## What the task requires
Take the entries below and reproduce exactly the portion that begins at the line containing "The Express Surety" and ends at the line containing "simple messagerie •", keeping both ends, dropping pictures, and adding nothing else.

## Source data
○ ○ ○ ○ ○

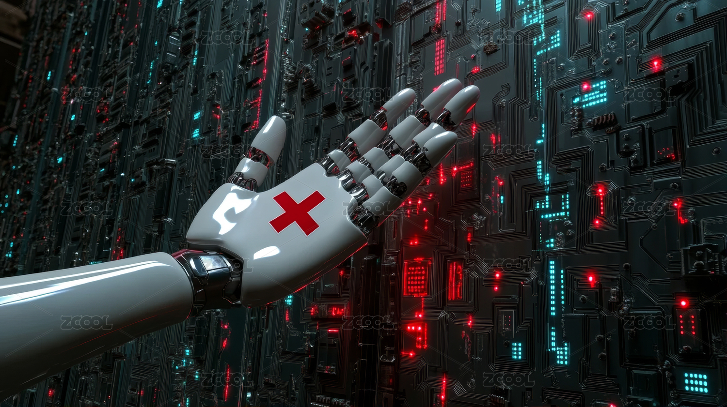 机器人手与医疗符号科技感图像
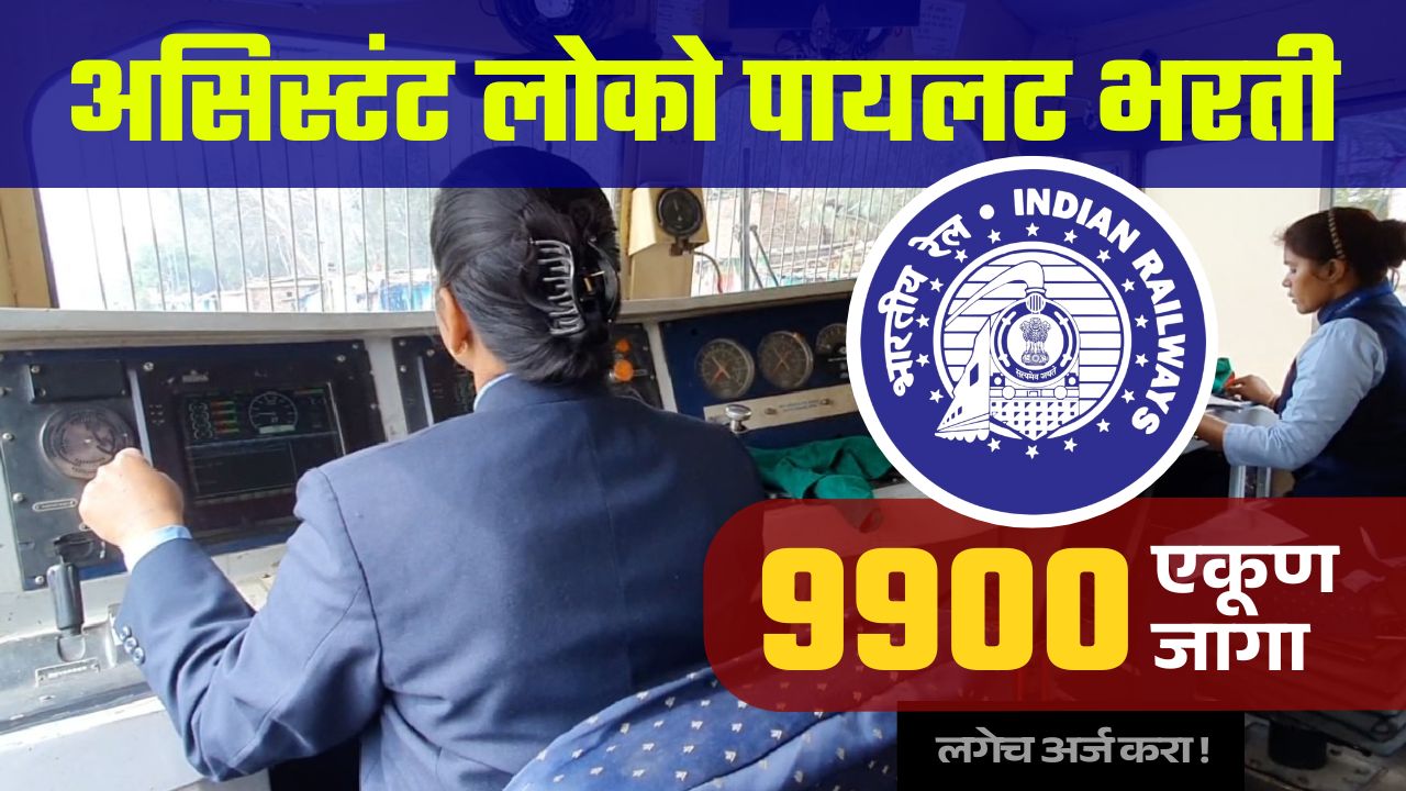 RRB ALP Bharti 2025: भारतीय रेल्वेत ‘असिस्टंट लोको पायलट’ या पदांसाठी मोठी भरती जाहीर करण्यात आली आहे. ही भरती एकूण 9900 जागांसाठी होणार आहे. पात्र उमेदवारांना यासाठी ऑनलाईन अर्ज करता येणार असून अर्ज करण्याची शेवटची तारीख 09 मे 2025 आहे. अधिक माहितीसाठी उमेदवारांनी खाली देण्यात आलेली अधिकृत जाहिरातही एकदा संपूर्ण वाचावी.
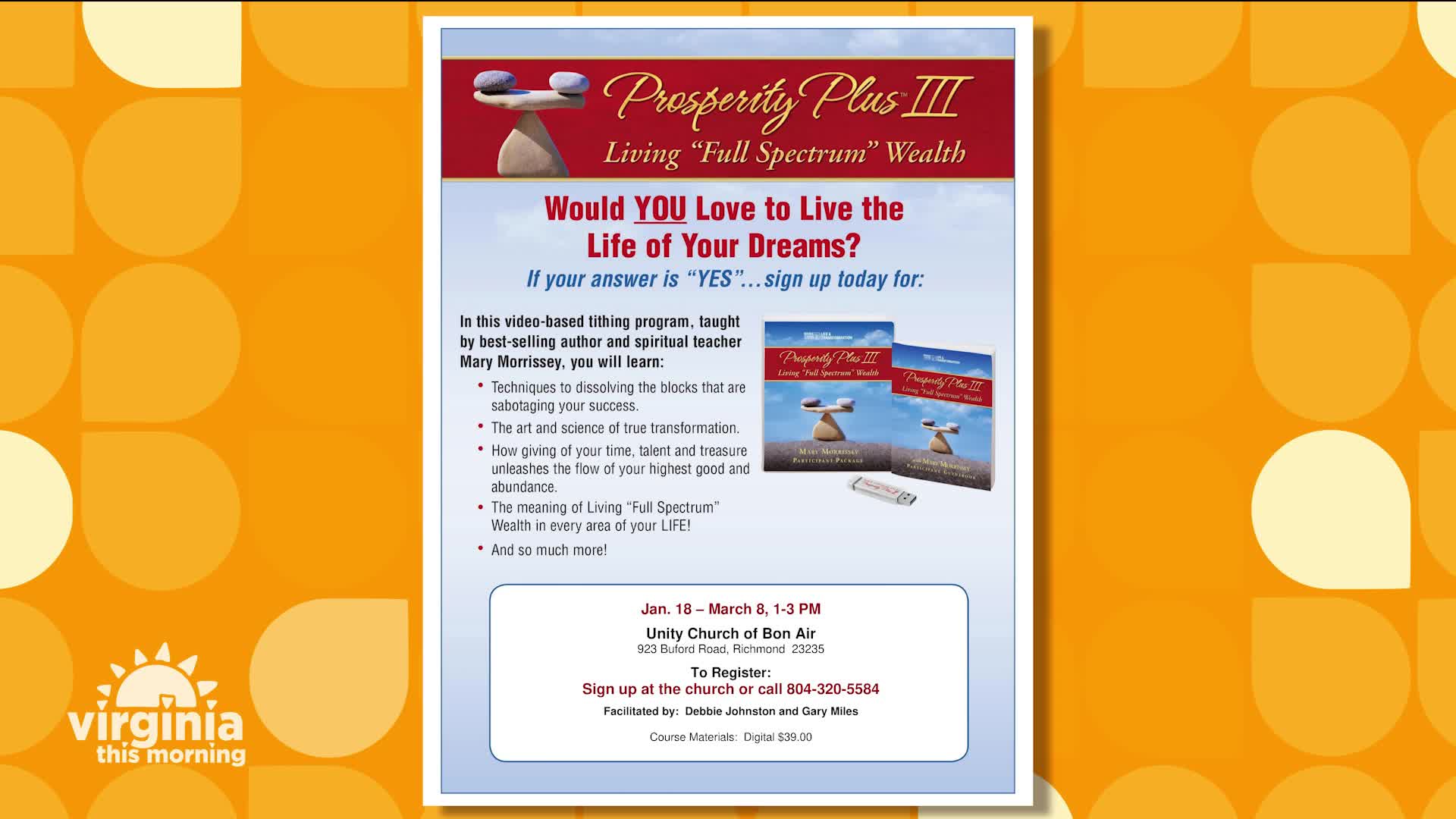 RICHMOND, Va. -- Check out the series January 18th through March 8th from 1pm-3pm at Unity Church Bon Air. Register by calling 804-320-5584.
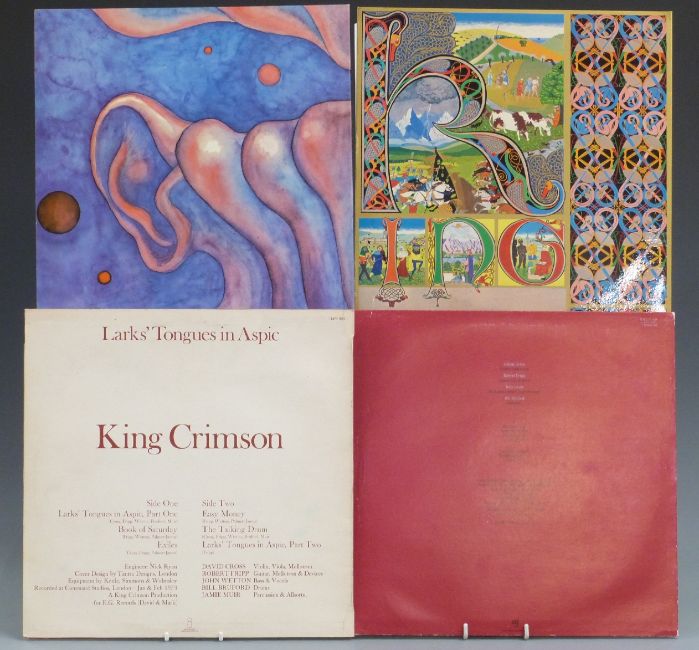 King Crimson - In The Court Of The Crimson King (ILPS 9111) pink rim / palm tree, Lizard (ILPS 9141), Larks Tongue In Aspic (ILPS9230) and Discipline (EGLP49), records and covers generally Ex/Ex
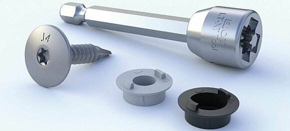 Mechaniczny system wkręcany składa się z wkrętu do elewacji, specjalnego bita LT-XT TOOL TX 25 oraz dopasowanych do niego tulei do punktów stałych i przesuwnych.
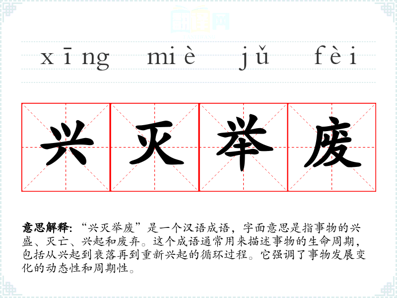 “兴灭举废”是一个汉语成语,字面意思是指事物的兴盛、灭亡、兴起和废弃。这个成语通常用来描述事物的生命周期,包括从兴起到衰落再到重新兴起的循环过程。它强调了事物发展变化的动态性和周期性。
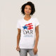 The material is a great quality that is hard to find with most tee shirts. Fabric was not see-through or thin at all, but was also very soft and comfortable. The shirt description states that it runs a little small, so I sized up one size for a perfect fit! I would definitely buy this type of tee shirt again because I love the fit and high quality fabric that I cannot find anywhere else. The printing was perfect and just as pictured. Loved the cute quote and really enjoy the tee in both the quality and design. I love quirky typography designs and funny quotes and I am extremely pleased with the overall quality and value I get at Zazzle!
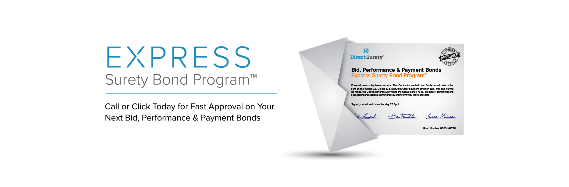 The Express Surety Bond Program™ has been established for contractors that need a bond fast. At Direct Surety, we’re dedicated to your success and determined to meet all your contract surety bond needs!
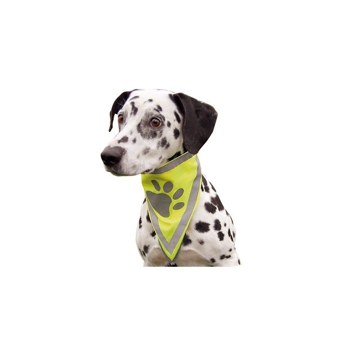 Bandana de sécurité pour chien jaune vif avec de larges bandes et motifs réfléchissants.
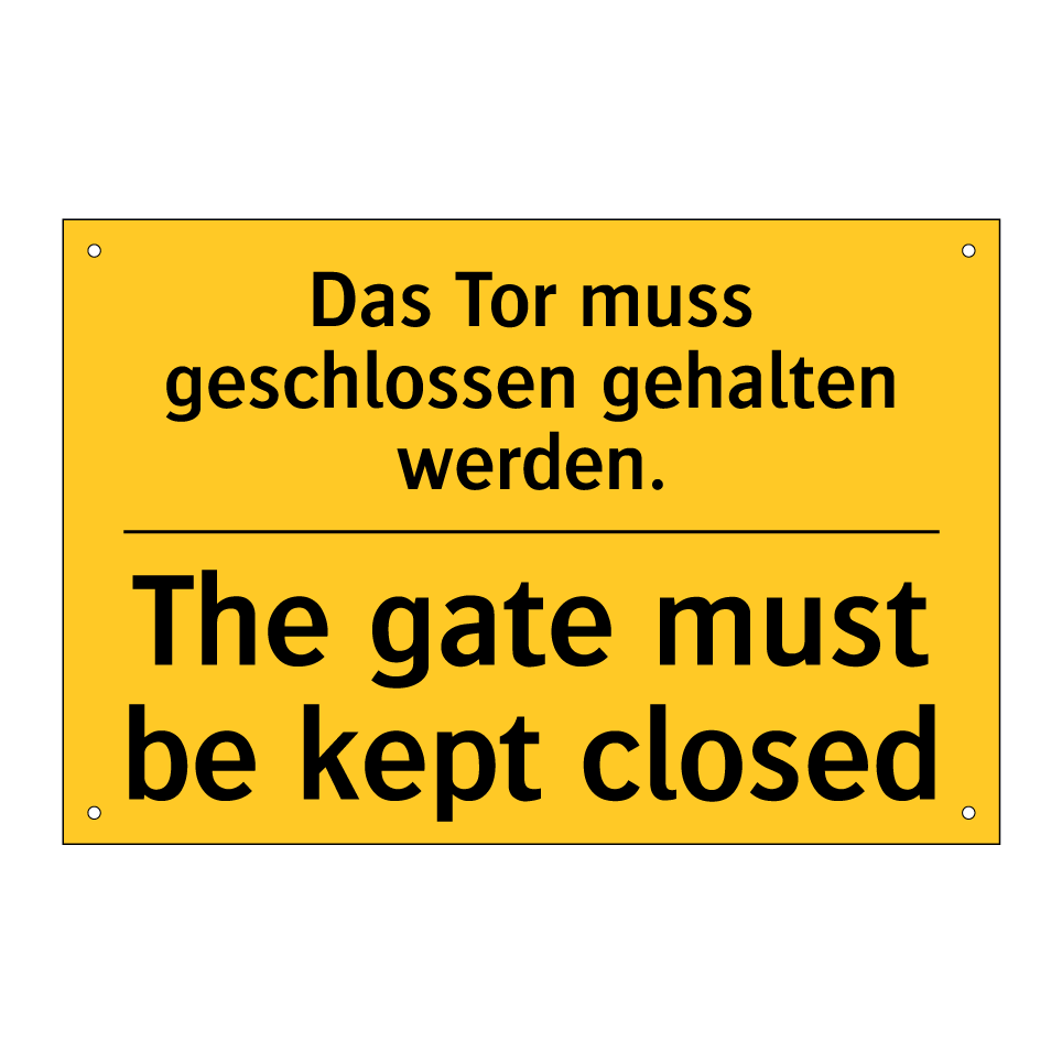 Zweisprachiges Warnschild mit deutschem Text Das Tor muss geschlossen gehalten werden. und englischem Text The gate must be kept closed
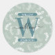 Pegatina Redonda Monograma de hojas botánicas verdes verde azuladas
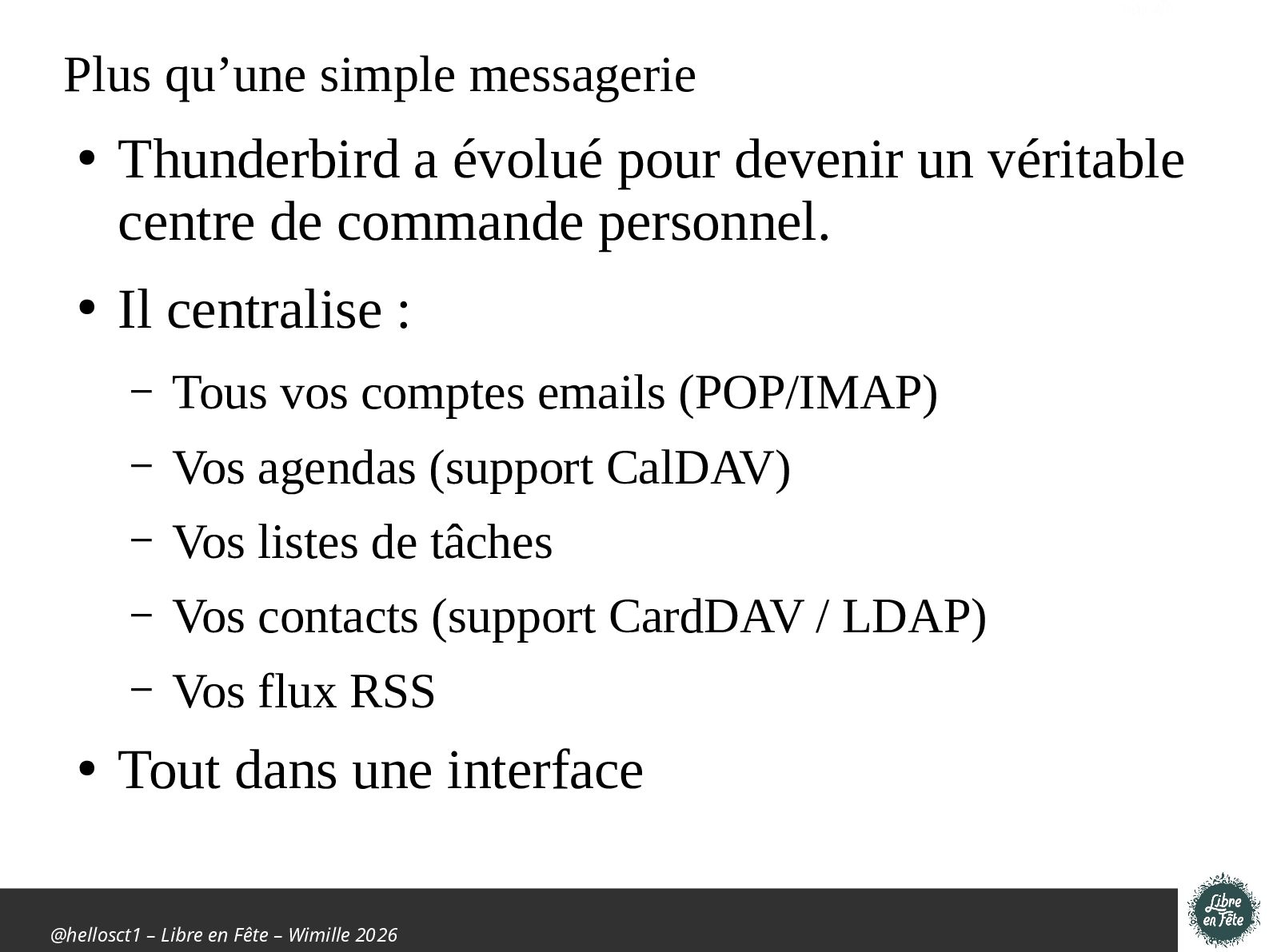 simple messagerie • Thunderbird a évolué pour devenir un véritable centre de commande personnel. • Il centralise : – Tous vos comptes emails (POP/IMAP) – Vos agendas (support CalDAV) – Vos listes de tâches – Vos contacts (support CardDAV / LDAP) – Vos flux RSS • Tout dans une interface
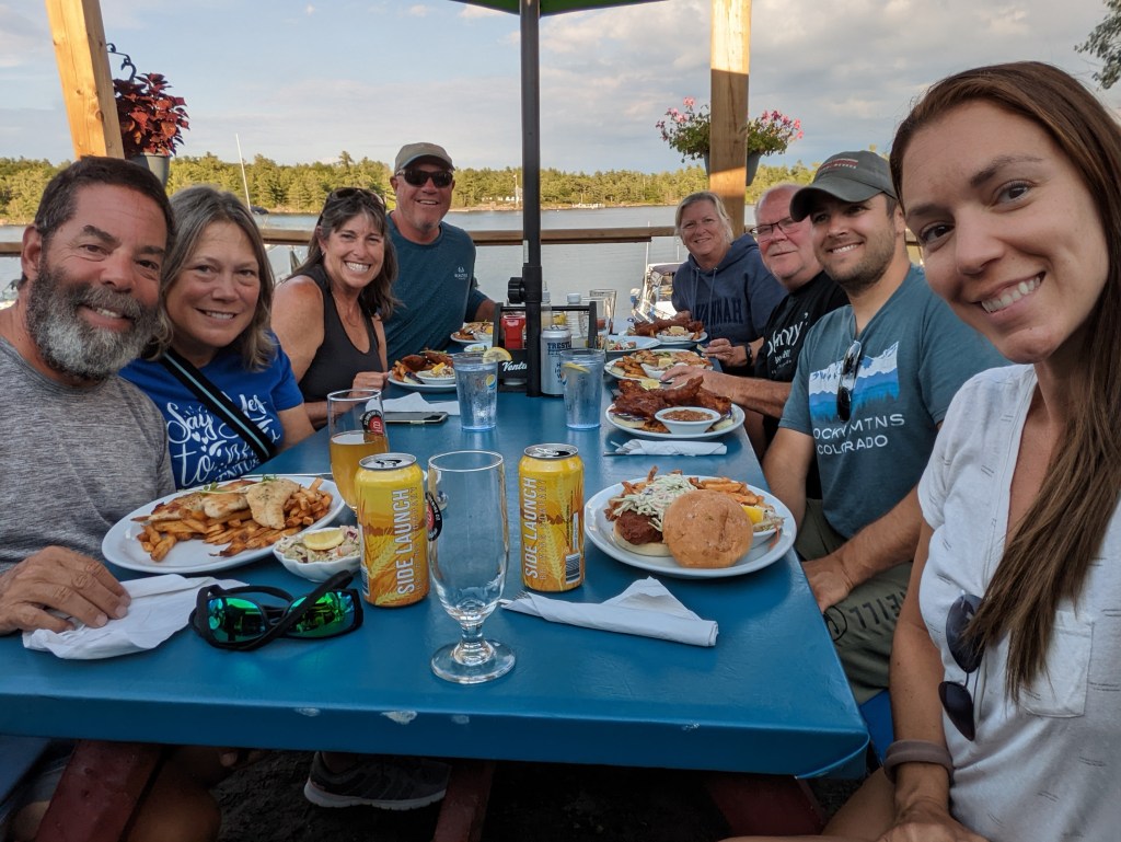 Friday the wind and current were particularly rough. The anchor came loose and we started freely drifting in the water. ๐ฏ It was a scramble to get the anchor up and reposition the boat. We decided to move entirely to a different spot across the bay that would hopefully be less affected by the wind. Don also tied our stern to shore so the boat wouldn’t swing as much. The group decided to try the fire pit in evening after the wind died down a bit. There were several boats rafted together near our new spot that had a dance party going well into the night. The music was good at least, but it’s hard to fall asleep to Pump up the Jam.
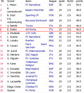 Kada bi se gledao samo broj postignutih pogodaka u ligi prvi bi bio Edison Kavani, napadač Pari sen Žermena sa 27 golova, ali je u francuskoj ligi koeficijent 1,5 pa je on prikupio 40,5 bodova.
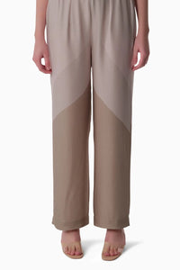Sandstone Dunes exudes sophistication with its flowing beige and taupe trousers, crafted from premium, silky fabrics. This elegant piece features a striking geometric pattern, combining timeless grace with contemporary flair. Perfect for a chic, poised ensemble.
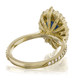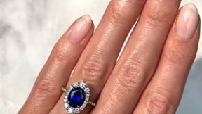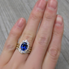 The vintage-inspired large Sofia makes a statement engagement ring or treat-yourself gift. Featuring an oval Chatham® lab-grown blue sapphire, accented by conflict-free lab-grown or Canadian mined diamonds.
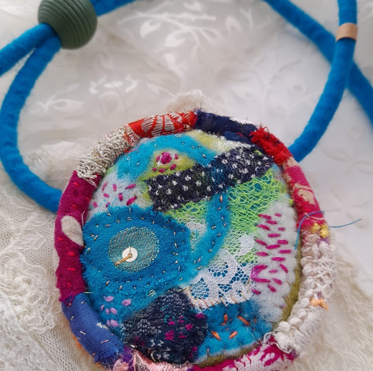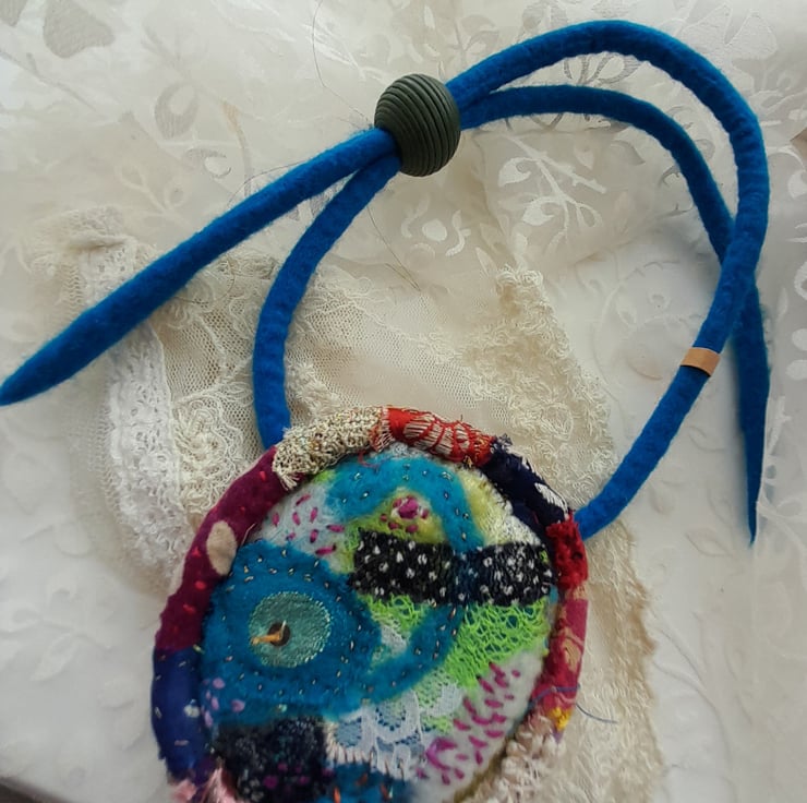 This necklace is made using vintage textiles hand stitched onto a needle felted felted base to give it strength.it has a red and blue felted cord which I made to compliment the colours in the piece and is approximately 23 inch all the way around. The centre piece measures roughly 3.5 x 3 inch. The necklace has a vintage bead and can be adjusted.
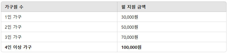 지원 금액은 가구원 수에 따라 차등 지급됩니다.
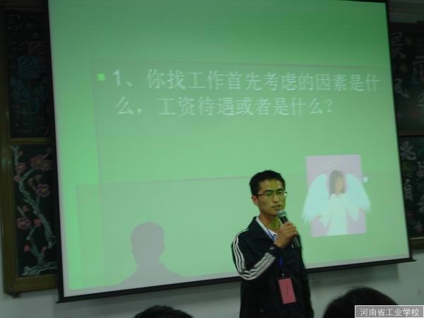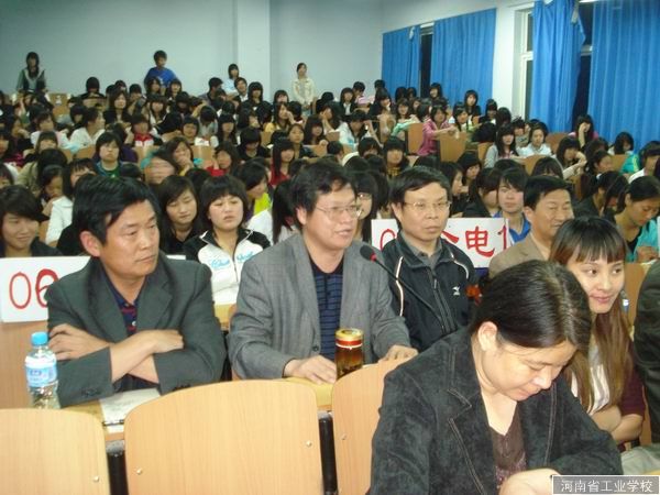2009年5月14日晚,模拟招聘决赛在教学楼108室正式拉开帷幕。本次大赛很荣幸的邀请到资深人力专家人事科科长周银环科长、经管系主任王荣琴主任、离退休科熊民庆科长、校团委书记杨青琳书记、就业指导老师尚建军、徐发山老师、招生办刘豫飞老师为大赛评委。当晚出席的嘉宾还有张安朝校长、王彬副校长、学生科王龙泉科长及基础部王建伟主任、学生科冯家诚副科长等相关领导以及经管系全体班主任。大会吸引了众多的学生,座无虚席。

○ ○ ○ ○ ○

## Response area
 The Express Surety Bond Program™ has been established for contractors that need a bond fast. At Direct Surety, we’re dedicated to your success and determined to meet all your contract surety bond needs!
 Bandana de sécurité pour chien jaune vif avec de larges bandes et motifs réfléchissants.
 Zweisprachiges Warnschild mit deutschem Text Das Tor muss geschlossen gehalten werden. und englischem Text The gate must be kept closed
 Pegatina Redonda Monograma de hojas botánicas verdes verde azuladas
 simple messagerie • Thunderbird a évolué pour devenir un véritable centre de commande personnel. • Il centralise : – Tous vos comptes emails (POP/IMAP) – Vos agendas (support CalDAV) – Vos listes de tâches – Vos contacts (support CardDAV / LDAP) – Vos flux RSS • Tout dans une interface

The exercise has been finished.